Discuss the significance of the alehouse in the play.
The alehouse, the Three Pigeons, is a small but significant setting in Oliver Goldsmith's She Stoops to Conquer. Though it appears mainly in the early part of the play, it launches the central intrigue and helps establish theme and character.
Tony Lumpkin's kingdom. The alehouse is the natural home of Tony Lumpkin, Mrs. Hardcastle's spoilt son. Away from the refined household where he is despised as an idle dunce, Tony reigns among the low company of the tavern, singing, drinking and enjoying the admiration of the tapster and the country fellows. The scene at once defines Tony: uneducated, mischievous, but shrewd and full of energy, more at ease with common folk than with gentility.

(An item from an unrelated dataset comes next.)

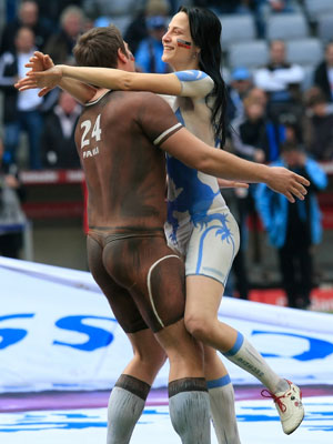德乙聯(lián)賽第22輪,慕尼黑1860在主場(chǎng)以5:1大勝圣保利。 終場(chǎng)前從主客兩隊(duì)的看臺(tái)上分別躍下一個(gè)身穿1860隊(duì)服的姑娘和一個(gè)身穿圣保利隊(duì)服的小伙,兩人一路狂奔來到球場(chǎng)中圈,旁若無人的熱吻起來。仔細(xì)觀察才能發(fā)現(xiàn)他們所穿的“隊(duì)服”的奧秘----這對(duì)情侶都只穿了一條內(nèi)褲,他們身上的衣衫完全是足以亂真的人體彩繪,F(xiàn)場(chǎng)保安也為這浪漫一幕所感動(dòng),他們面帶微笑將這對(duì)情侶請(qǐng)出草坪。(圖片來源:1860隊(duì)官方網(wǎng)站)

The spring of the plot. The alehouse is where the play's whole comic mechanism is set in motion. When the travellers Marlow and Hastings, lost on their way to Hardcastle's house, stop at the Three Pigeons to ask directions, Tony seizes the chance for a practical joke. He tells them that the house is far off and that they must put up for the night at a nearby "inn," which is in fact Hardcastle's own home. This single deception produces the mistakes of the night, Marlow treating his host as a landlord and his intended bride as a barmaid, on which the entire comedy turns.
Contrast of manners. The rough, jovial world of the alehouse is set against the polite world of the Hardcastle household. This contrast enriches the play's comedy of manners, highlighting the gap between town sophistication and country life, and between appearance and reality that runs through the drama.
Character revelation. The scene also foreshadows Tony's usefulness. The trickster of the tavern will go on to steal his mother's jewels for Hastings and Constance and to drive his mother in circles in the famous "horse-pond" journey. The alehouse establishes the cunning that later helps the young lovers.
Conclusion. The alehouse is therefore significant as the birthplace of the plot's grand misunderstanding, as the stage on which Tony Lumpkin's character is defined, and as a comic contrast to the world of the gentry. Small in stage time, it is large in consequence.